Record set

++++++++++

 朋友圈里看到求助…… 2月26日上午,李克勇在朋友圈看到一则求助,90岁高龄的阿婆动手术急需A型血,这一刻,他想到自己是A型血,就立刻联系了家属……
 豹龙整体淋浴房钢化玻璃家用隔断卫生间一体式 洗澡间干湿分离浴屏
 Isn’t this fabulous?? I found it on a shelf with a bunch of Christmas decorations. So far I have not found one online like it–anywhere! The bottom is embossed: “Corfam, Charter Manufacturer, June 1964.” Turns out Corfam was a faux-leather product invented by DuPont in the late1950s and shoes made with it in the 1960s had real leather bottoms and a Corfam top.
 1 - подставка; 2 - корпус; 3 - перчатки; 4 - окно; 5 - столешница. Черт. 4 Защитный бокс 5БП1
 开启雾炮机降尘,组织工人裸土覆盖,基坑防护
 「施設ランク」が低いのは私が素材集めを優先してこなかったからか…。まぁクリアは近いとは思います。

++++++++++

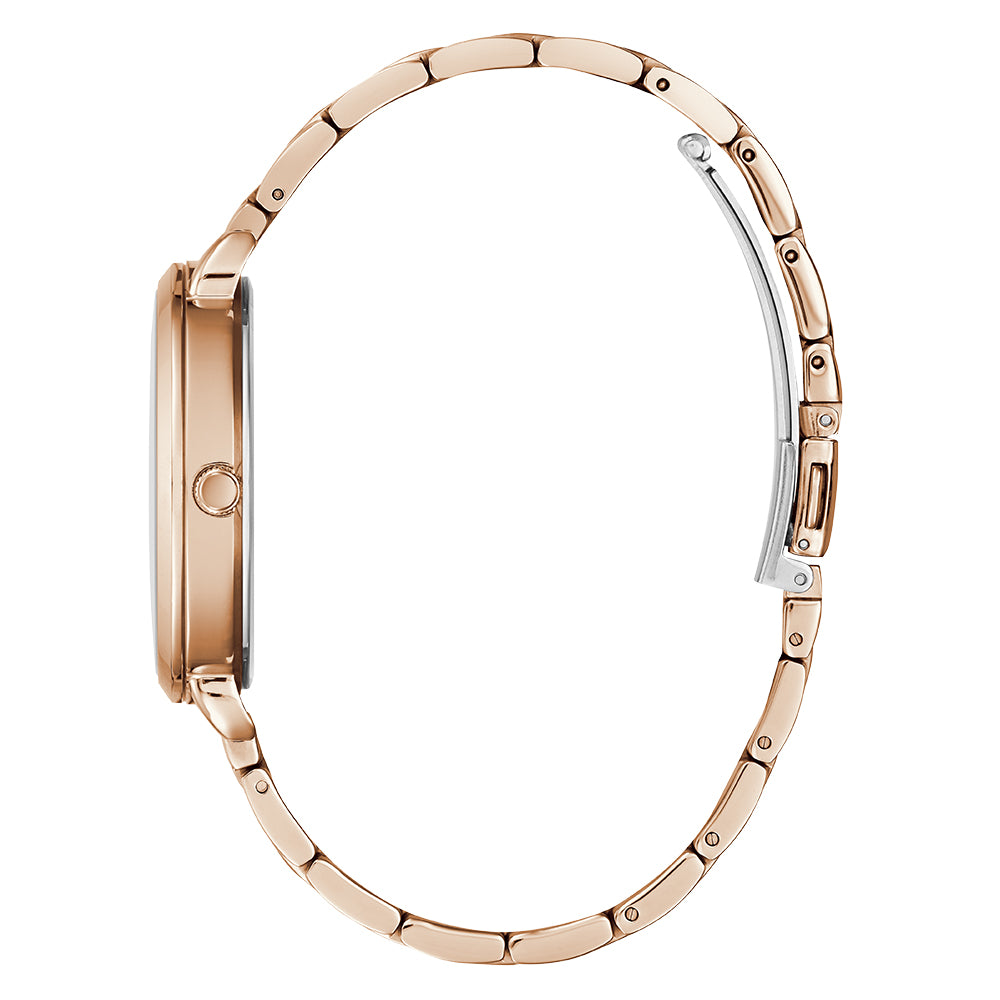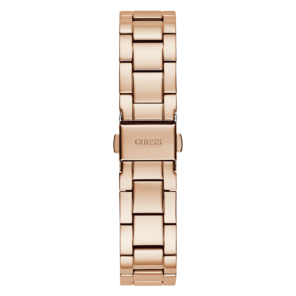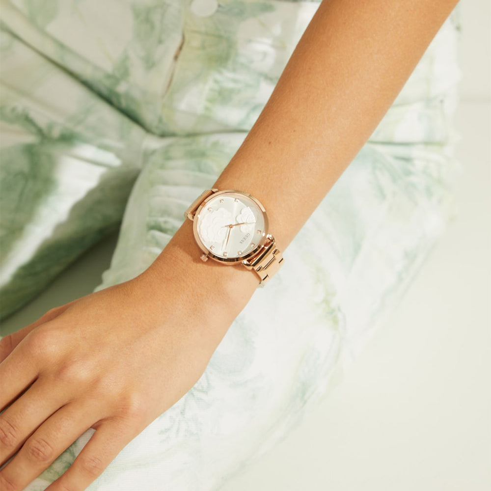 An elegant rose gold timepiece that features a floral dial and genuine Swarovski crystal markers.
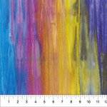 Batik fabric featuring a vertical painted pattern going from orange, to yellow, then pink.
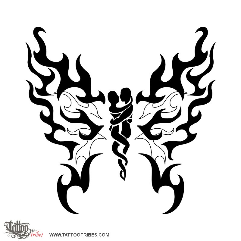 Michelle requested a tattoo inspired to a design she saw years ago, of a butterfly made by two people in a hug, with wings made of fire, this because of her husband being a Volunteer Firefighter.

++++++++++

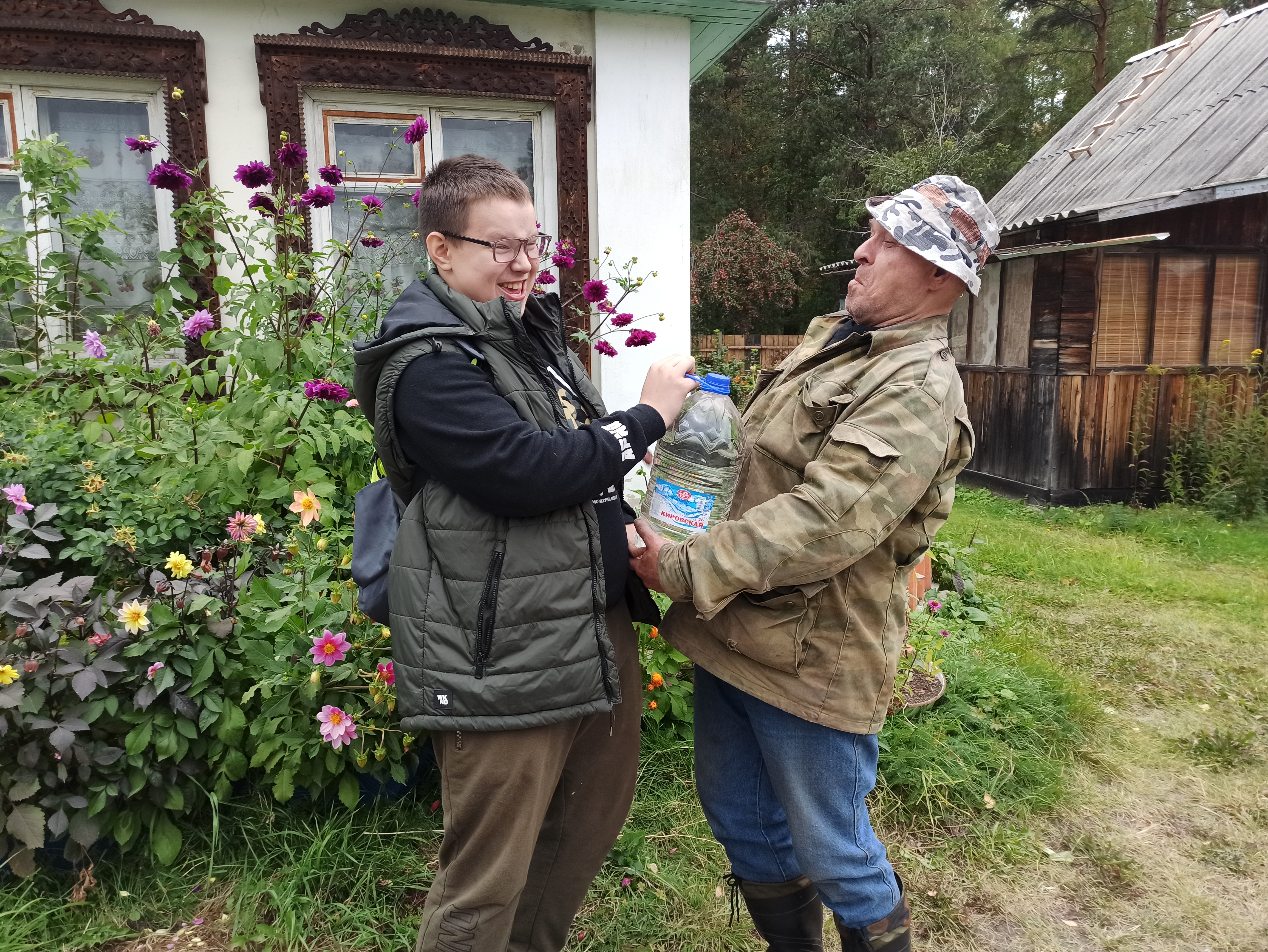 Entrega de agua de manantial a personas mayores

++++++++++

Your task
Reproduce, word for word, only the lines in the records above from the line with "Batik fabric featuring" through the line with "Michelle requested a", including both ends; omit the pictures.

Written response
 Batik fabric featuring a vertical painted pattern going from orange, to yellow, then pink.
 Michelle requested a tattoo inspired to a design she saw years ago, of a butterfly made by two people in a hug, with wings made of fire, this because of her husband being a Volunteer Firefighter.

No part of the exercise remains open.